The other man appeared unwilling to let his gaze wander beyond the veranda, which was in one way comprehensible. There was shrinking in his face, and his voice was strained and hoarse.

"It was so sudden—it has left me a trifle dazed," he said. "I am almost afraid the trouble is not over yet."

Ormsgill smiled reassuringly. "I scarcely think—you—have any cause to worry. There is no doubt that Herrero inspired his boys, and attempts of this kind, as no doubt you are aware, have been made on mission stations before, but it's certain he would disclaim all knowledge of what they meant to do, and will be quite content to let the matter go no further. That is, at least, so far as anybody connected with the Mission is concerned."

"I am afraid he may find some means of laying the blame on you."

"It is quite likely," and Ormsgill laughed. "After all, it's a thing I'm used to, and, you see, I'm proscribed already. As it happens, so is Nares. He should never have left me. I have no doubt Herrero, who has friends in authority, will endeavor to make him regret his share in to-night's proceedings."

Nares glanced at one of the rigid figures that lay beneath him in the moonlight. He saw the naked black shoulders, and the soiled white draperies that had fallen apart from the ebony limbs, and a little shiver ran through him. The heat of the conflict had vanished now, and the pale light showed that his face was drawn and gray.

"I struck that man," he said. "I don't know what possessed me, but I think I meant to kill him. In one way, the thing is horrible."

"Well," said Ormsgill dryly, "it is also very natural. The impulse you seem to shrink from is lurking somewhere in most of us. In any case, the man is certainly dead. I looked at him as I came up."

He stopped a moment, and leaned somewhat heavily upon the balustrade with his eyes fixed on the dusky form of the negro. "The meanest thing upon this earth is the man who sides with the oppressor and tramples on his own kind. Still, though I think what I did was warranted, that was not why I shot those men. One doesn't always reason about these matters, as I fancy you understand."

He turned, and looked at Nares who, after a momentary shrinking, steadily met his gaze. The man was wholly honest, and the thing was clear to him. He had struck at last, shrewdly, in a righteous cause, and nobody could have blamed him, but, as had happened in his comrade's case, human bitterness had also nerved the blow.

"Well," he said slowly, "you and I, at least, will probably have to face the results of it."
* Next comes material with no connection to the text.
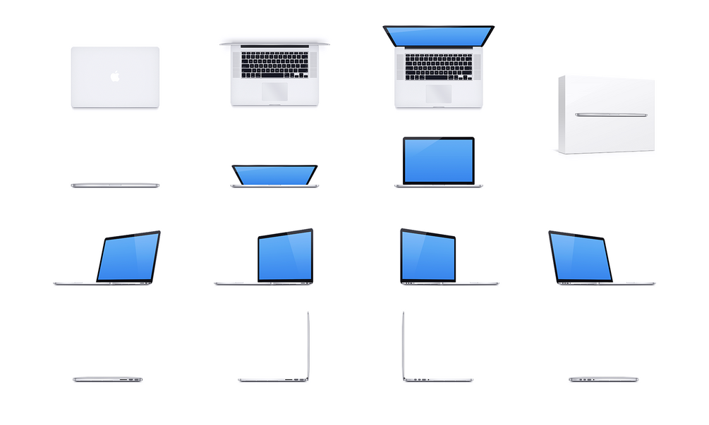 1. MacBook Pro • 15 vector mockups at various views. For Photoshop.

Again Ormsgill laughed, but a little glint crept into his eyes. "As I pointed out, we are both of us outlawed, with the hand of every white man in this country against us, but we have still a thing to do, and somehow I almost think it will be done."

Then he turned to the man in charge of the Mission. "Nares is coming away with me. There are several reasons that make it advisable. It is very unlikely that anybody will trouble you further about this affair, and if the blame is laid on us it can't greatly matter. The score against one of us is a tolerably long one already—and if my luck holds out it may be longer. There is just another point. Shall I take those two boys below away for you?"
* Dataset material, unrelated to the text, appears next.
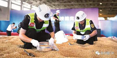 进境粮食检疫查验决赛设置在进境粮食查验现场。身着统一查验服装,配备“单兵作战装备”的选手冒着酷暑进入进境粮食模拟现场,按操作流程依次进行“登轮表层查验”“杂质检验与有害生物初筛”“有害生物检疫鉴定”等环节的技能比拼。 (许忠祥 摄)

"No," said the other man quietly. "There is, at least, one duty we owe them."

Ormsgill made a little gesture. "The bones of their victims lie thick along each trail to the interior, but, after all, that is probably a thing for which they will not be held responsible. In the meanwhile, there are one or two reasons why I should outmarch Herrero if it can be done. When Nares is ready we will go on again."

Nares was ready in a few minutes, and shaking hands with the two men who went down the veranda stairway with them, they struck into the path that led up the steep hillside. Ormsgill's boys plodded after them, but when they reached the crest of the ridge that overhung the valley Nares sat down, gasping, in the loose white sand, and looked down on the shadowy mission. He could see its pale lights blinking among the leaves.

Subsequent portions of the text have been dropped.